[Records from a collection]
%%
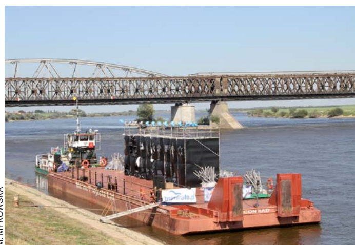
Barka na nabrzeżu Wisły była sceną ostatniego festiwalowego spektaklu – „Miasto możliwe”
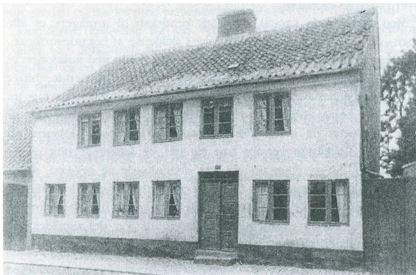
Helstingørsgade nr. 46 (nuværende nr. 9) 1913. Huset er fra 1768, men er senere udvidet, bl.a. med opførelsen af en 1. sal. Bag huset lå bestestald og urmagerværksted. Huset blev nedrevet i 1914.
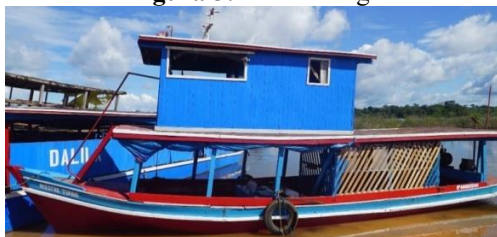
Figura 5: Mestre Tiago

O “Mestre Tiago” demonstra um motor de alta potência ao qual transporta as outras embarcações (anexadas), guarda também o gerador de energia. O mesmo possui um pequeno alojamento aos quais ficam hospedados: o comandante do barco, zelador, Alferes da bandeira, encarregado da Coroa e o motorista.
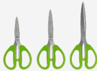
5"(12cm) 6"(16cm) 8"(20cm)
%%
#### [Exercise description]
Leave the pictures out and restate exactly the lines from the one that has "Figura 5: Mestre Tiago" through the final line of the entries above, both ends included.

#### [Answer space]
Figura 5: Mestre Tiago

O “Mestre Tiago” demonstra um motor de alta potência ao qual transporta as outras embarcações (anexadas), guarda também o gerador de energia. O mesmo possui um pequeno alojamento aos quais ficam hospedados: o comandante do barco, zelador, Alferes da bandeira, encarregado da Coroa e o motorista.
5"(12cm) 6"(16cm) 8"(20cm)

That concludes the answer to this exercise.